The precise details of the solution are up to you and your customer.

Drew
16th May 2011, 02:50
Thanks Dan - that's a fair call. I suppose what I'm interested in hearing is about any of these dozen different techniques - especially those that don't use any of the things I've mentioned in the OP. Currently I'm learning towards using a QTableView or QTreeView - just want to beware of any potential gotcha's.

If anyone's used had experience displaying large datasets and had success/problems - I'd be interested to hear their learnings (ie would they recommend it or if they were going to do it again, would they do it differently).

Cheers

[Edit] - Thanks also Chris - I was posted this and then saw your response

SixDegrees
16th May 2011, 08:09
Putting thousands of user interface widgets on display is almost certainly not going to perform well, particularly if many of them are receiving updates rapidly. You may be better off simply painting a grid yourself. If the checkboxes are for display only (not interactive) this would be fast and trivial - just reuse a check image over and over, along with a blank or unchecked image. If you need interactivity, that would take a little more work - but not very much, as it's just a matter of capturing mouse clicks and resolving them to a given rectangular area. This will almost certainly give you the best performance.

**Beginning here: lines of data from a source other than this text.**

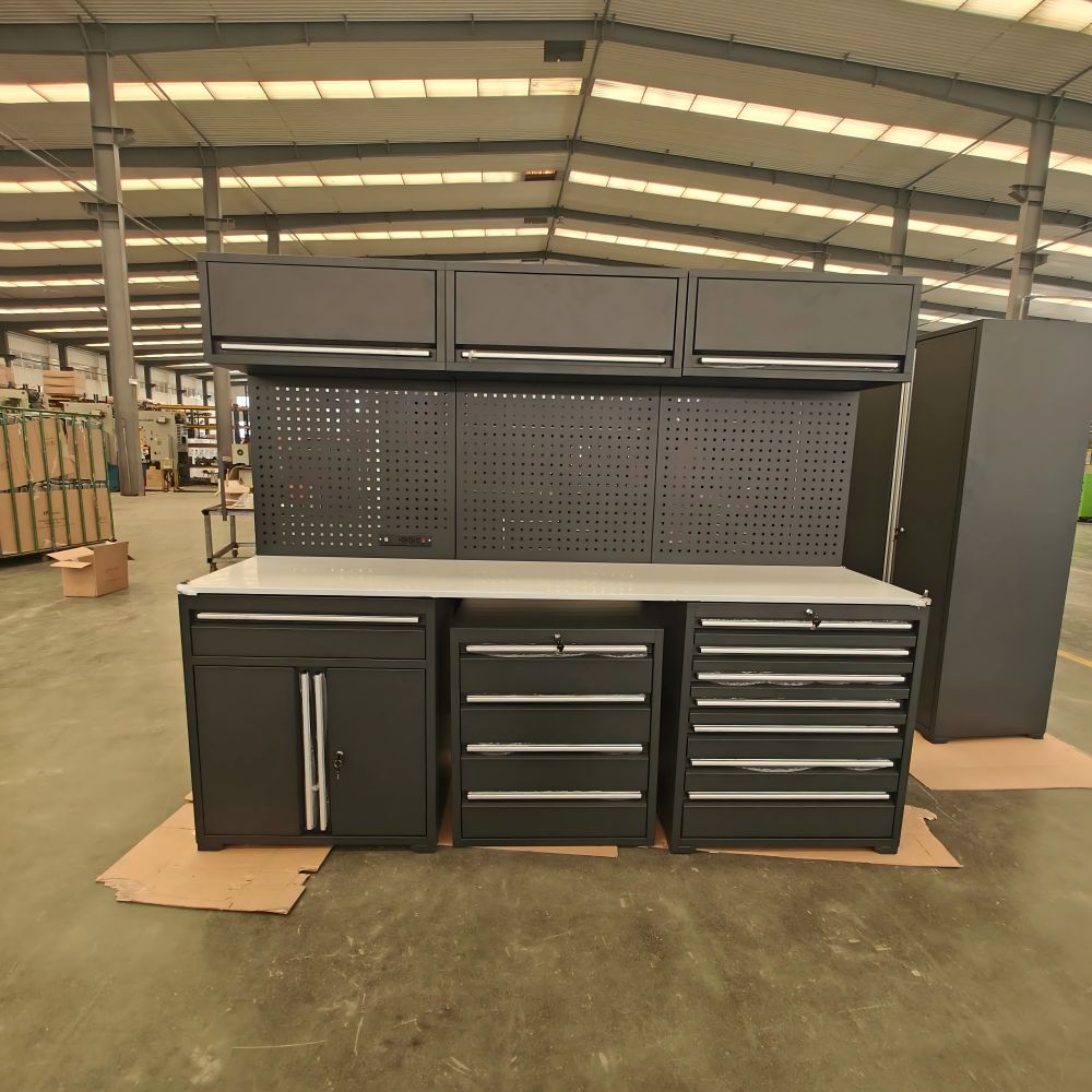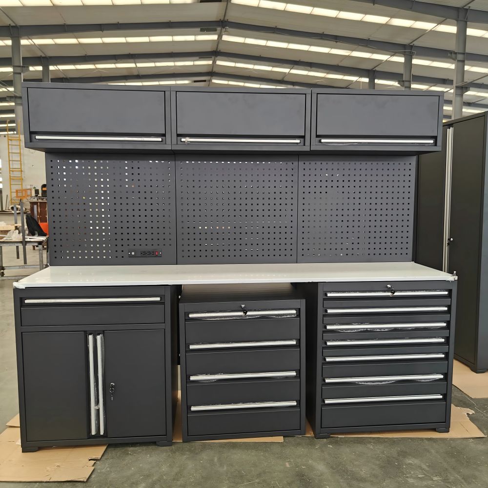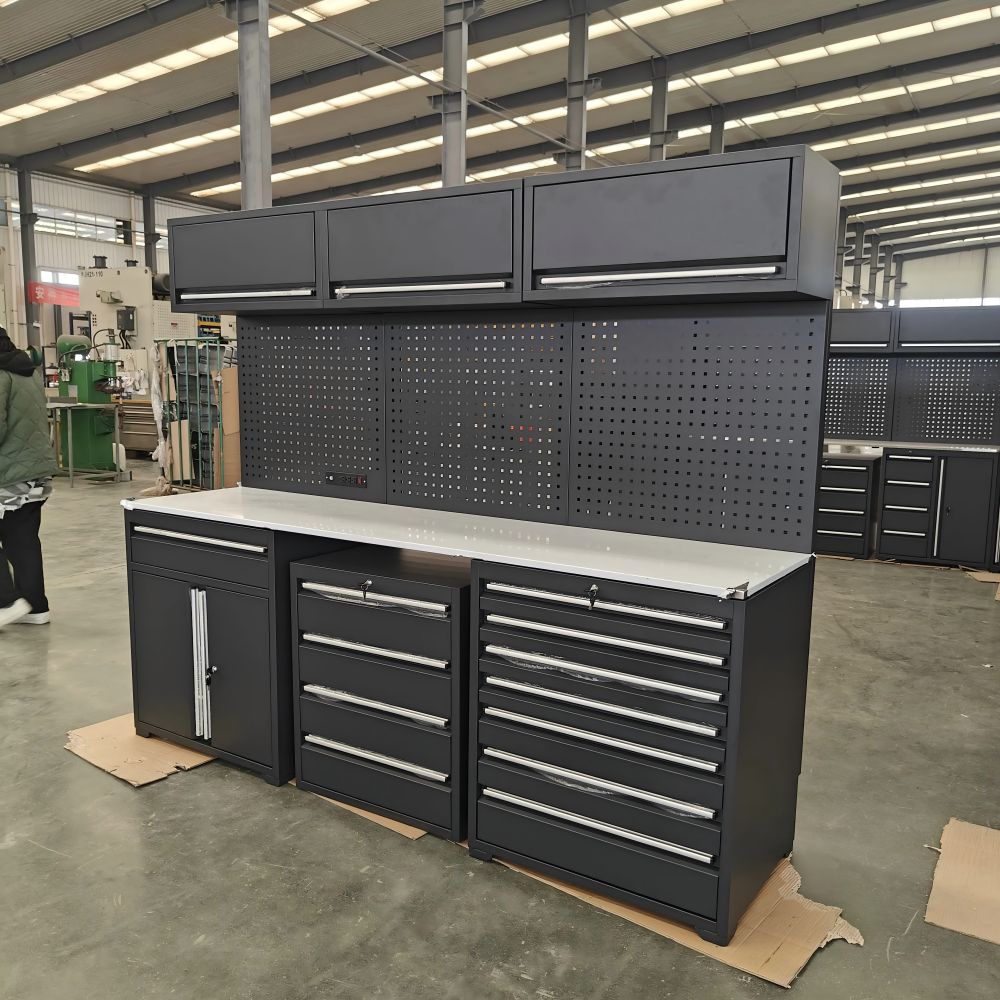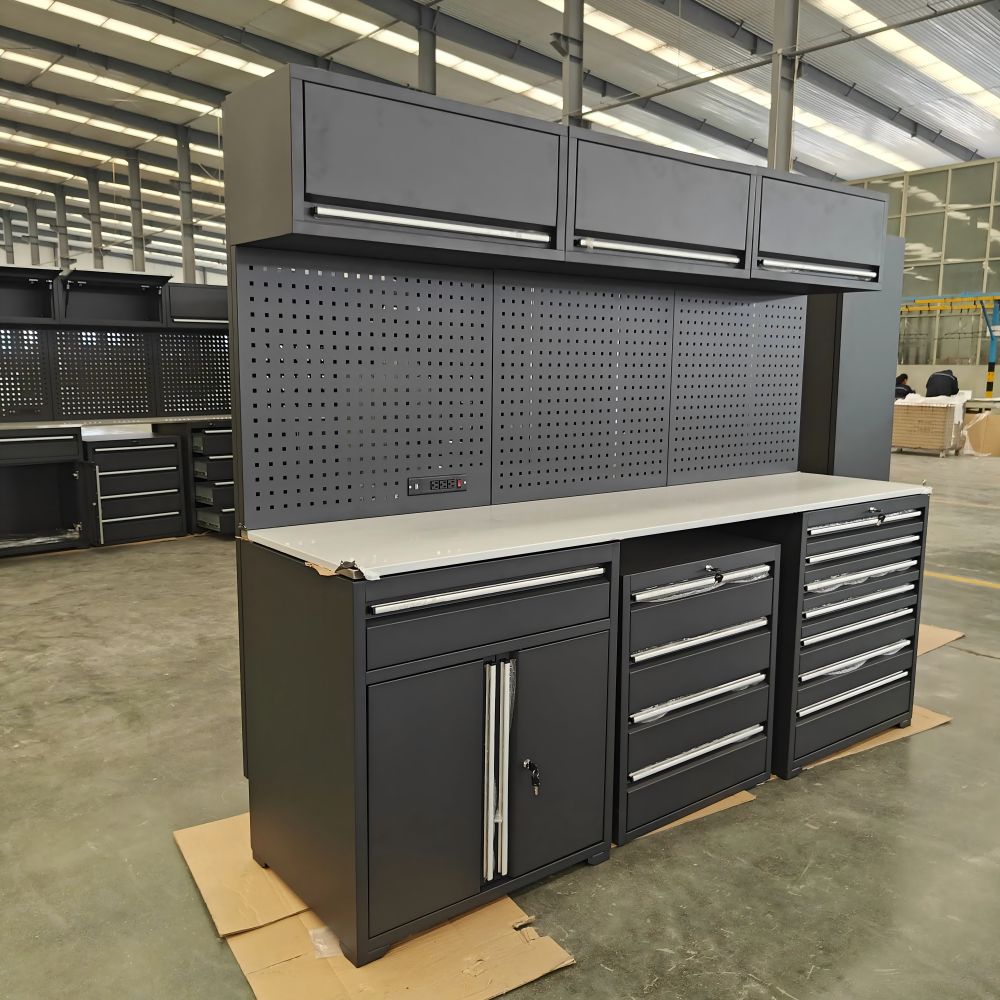 Bengkel Perindustrian/Penggunaan Kilang: Penyelenggaraan Peralatan, Perhimpunan Bahagian, Pemprosesan Logam, Pemeriksaan Kualiti, dan lain-lain. Bingkai keluli karat-bukti menyesuaikan diri dengan persekitaran berminyak; Reka bentuk modular memudahkan pengurusan klasifikasi alat. membuka rak untuk menyimpan alat besar (seperti bicu); Kunci laci untuk melindungi bahagian -bahagian berharga pelanggan. Garage Home/DIY Ridese: Woodworking, kimpalan logam, membuat model, projek pembaikan rumah. saluran kuasa terpelihara untuk memudahkan penggunaan alat kuasa; Jadual yang boleh diperkembangkan untuk memenuhi keperluan pelbagai projek pada masa yang sama.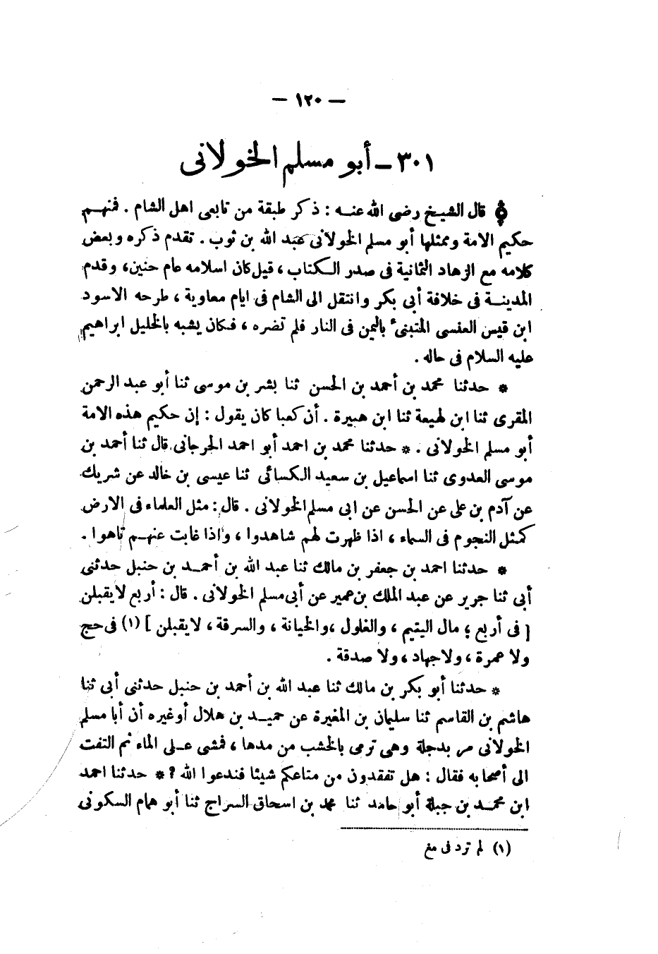 §أَبُو مُسْلِمٍ الْخَوْلَانِيُّ قَالَ الشَّيْخُ رَحِمَهُ اللهُ تَعَالَى وَرَضِيَ اللهُ عَنْهُ: ذِكْرُ طَبَقَةٍ مِنْ تَابِعِي أَهْلِ الشَّامِ. فَمِنْهُمْ حَكِيمُ الْأُمَّةِ وَمُمَثِّلُهَا أَبُو مُسْلِمٍ الْخَوْلَانِيُّ عَبْدُ اللهِ بْنُ ثَوْبٍ، تَقَدَّمَ ذِكْرُهُ وَبَعْضُ كَلَامِهِ مَعَ الزُّهَّادِ الثَّمَانِيَةِ فِي صَدْرِ الْكِتَابِ، قِيلَ: كَانَ إِسْلَامُهُ عَامَ حُنَيْنٍ، وَقَدِمَ الْمَدِينَةَ فِي خِلَافَةِ أَبِي بَكْرٍ، وَانْتَقَلَ إِلَى الشَّامِ فِي أَيَّامِ مُعَاوِيَةَ، طَرَحَهُ الْأَسْوَدُ الْعَنْسِيُّ الْمُتَنَبِّئُ بِالْيمَنِ فِي النَّارِ فَلَمْ تَضُرَّهُ، فَكَانَ يُشَبَّهُ بِالْخَلَيلِ إِبْرَاهِيمَ عَلَيْهِ السَّلَامُ فِي حَالِهِ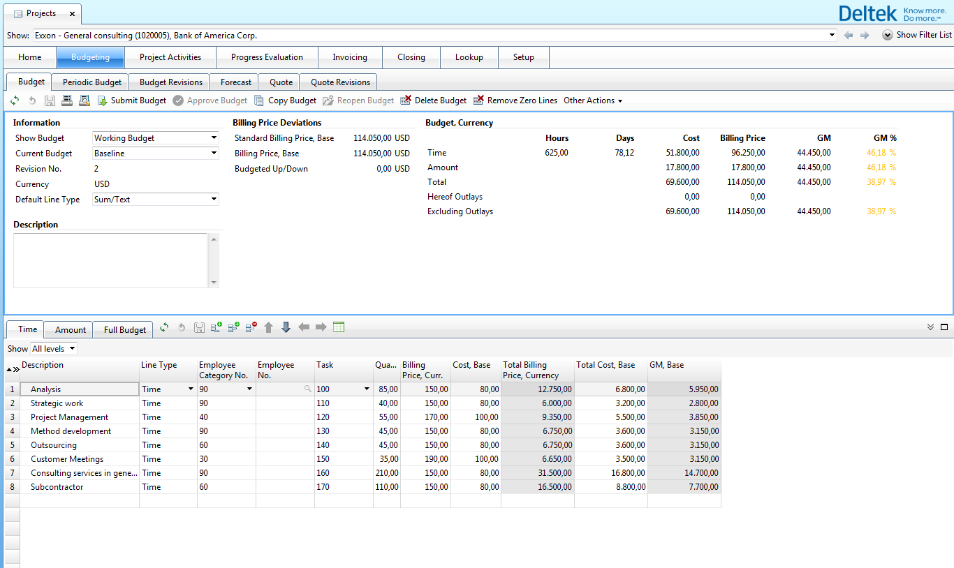 - More advanced budget functionality that can be enabled by using a full WBS.

But as others have said, it's really impossible to provide any guidance without more specific requirements.

DanH
18th May 2011, 04:49
Thousands of data points are better displayed as some sort of graph. I've seen many implementations where details about any particular data point are displayed in a pop-up when you hover the cursor over a point in the graph, eg, if you need to provide access to the detailed data.

It would also help to know whether you're talking phone (I hope not) or desktop.